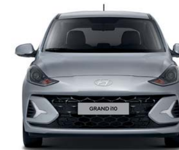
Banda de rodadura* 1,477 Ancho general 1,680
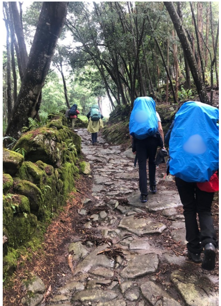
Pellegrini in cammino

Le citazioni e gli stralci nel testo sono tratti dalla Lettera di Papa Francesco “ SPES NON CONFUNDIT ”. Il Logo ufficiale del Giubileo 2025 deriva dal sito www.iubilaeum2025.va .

* * *

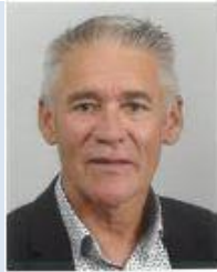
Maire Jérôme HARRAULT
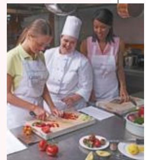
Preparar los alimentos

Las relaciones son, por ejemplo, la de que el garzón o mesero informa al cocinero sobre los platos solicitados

## AIM OF THE EXERCISE
Everything between and including the line above containing "Banda de rodadura* 1,477 Ancho general 1,680" and the line containing "Le citazioni e" should be reproduced exactly, with pictures excluded.

## YOUR SOLUTION
Banda de rodadura* 1,477 Ancho general 1,680
Pellegrini in cammino

Le citazioni e gli stralci nel testo sono tratti dalla Lettera di Papa Francesco “ SPES NON CONFUNDIT ”. Il Logo ufficiale del Giubileo 2025 deriva dal sito www.iubilaeum2025.va .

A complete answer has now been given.